Nursing sientists....

Nursing Students General Students

Published

Am I the only nursing student going nuts over all the nursing sientists, like Florence Nighitngale, Virginia Henderson, Kari Martinsen, Katie Eriksson etc etc. :uhoh3: I once counted it, and I think we have read about 15-20 different nursing sientists, and they all say the same thing "Be nice to the patient"

Or is it only in Denmark and the nordic countries we have so much of that stuff. All the RN's say they hated it too and say they dont understand why we have so much of that stuff. The only ones I ever hear say something nice about it is the teachers, but they have to, I guess.

Do you have a lot of that stuff too, and are you going as crazy over it as I am?

:angryfire

It might be because I guy, I'm not that much into that stuff

Specializes in Critical Care.
Dudes! The idea of going to school to get an education is to open your minds!

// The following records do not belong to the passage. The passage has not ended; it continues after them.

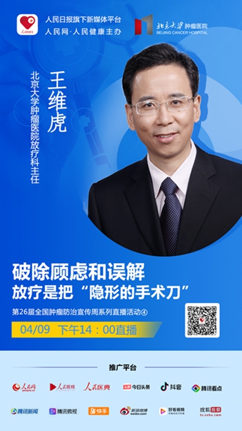 4月9日(周四)14:00,“人民好醫(yī)生”客戶端將邀請北京大學(xué)腫瘤醫(yī)院放療科主任王維虎教授進(jìn)行視頻直播,為大家講解放療的基本知識以及腫瘤患者如何選擇放療。
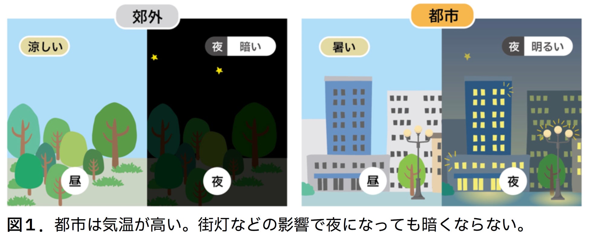 現在、全世界で都市の面積が拡大しています。都市化の進行は、生物の減少や絶滅の原因の一つであると考えられています。都市化は、森林や草原といった生物の生息地を奪うだけではなく、残された生息地の環境を変化させることが知られています。街灯や住宅内の照明に由来する夜間の人工光(光害)や、気温の上昇が代表的な例です(図1)。
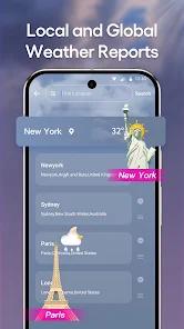 A standout feature of the app is its dynamic interface, which changes its background and theme based on the current weather conditions of the selected city. It also supports a "Multi-City" management system, allowing users to track global locations with a single swipe. For power users, the app offers real-time satellite radar and a customizable home screen widget.

Give a man a fish, you feed him for a day.

Teach a man how to fish, you feed him for a lifetime.

Give a student a fact, you prepare him/her for one test question.

Teach a student how to think, you prepare him/her for a lifetime of learning.

Then, again, it is possible to store the mind with a million facts and still be entirely uneducated.

(Alec Bourne)

I already know how to think spiritually and not only did I NOT need that from nursing school, I completely disagree with their hoaky religion. So I spent countless hours reciting back what I knew to be drivel. How is playing a game with the teachers to convince them you buy into their nonsense learning?

What needs to be taught in nursing school is indeed how to think: how to think critically. That requires science. If I wanted to learn religion from a college, I'd take a theology course. . .

~faith,

Timothy.

Specializes in Critical Care.
Was wondering when we were going to hear from you.............:D

Oh, when I first wrote it, I wrote, "Now, Tweety, you know what I'm going to say, but . . ." Then I decided to edit that out.

~faith,

Timothy.

Specializes in med/surg, telemetry, IV therapy, mgmt.

How else should thinking be taught? Studying and analyzing the thinking of others is one way. Another is to be given an assignment to formulate a theory and prove it yourself. Its not that easy. If you think that nursing theorists who, by the way, are using scientific methods to prove their theories (try to read and understand their original thesis), you need to take a couple of classes in philosophy! Some of those dudes are trying to prove real subjective ideas that are difficult to prove at all by any scientific testing methods. Talk about the metaphysical (spiritual) "I think, therefore I am" as a proof that we exist is hardly scientific. At least the nursing theorists are attempting to design tools to objectively test their ideas, testing that any of us should be able to repeat and come to the same conclusion. Sitting in an oven in the dark for I forget how long to come up with "I think, therefore I am" is really hoaky!

By the way, the libraries of larger universities often have a section in them (well away from the more popular selections of books) where they have a collection of the dessertations written by not only their own PhD candidates, but copies of ones by some of the more notable PhDs in the country. Some of the work of the nursing theorists may be found there. I found Bill Cosby's thesis he wrote for his PhD in education in my school's collection. While his cartoon program "Fat Albert and the Cosby Kids" was entertaining to watch, it formed the basis for his theory in education that he proposed and tested to get his PhD. We should be thankful that our profs are not making us read the original works of some of the nursing theorists--we would barely get through the first 20 pages or so. At least when we take a class in it, someone has nicely synopsed their work for us. Haven't you guys had to find and read a couple of nursing research articles just to get a flavor of how these theories are developed?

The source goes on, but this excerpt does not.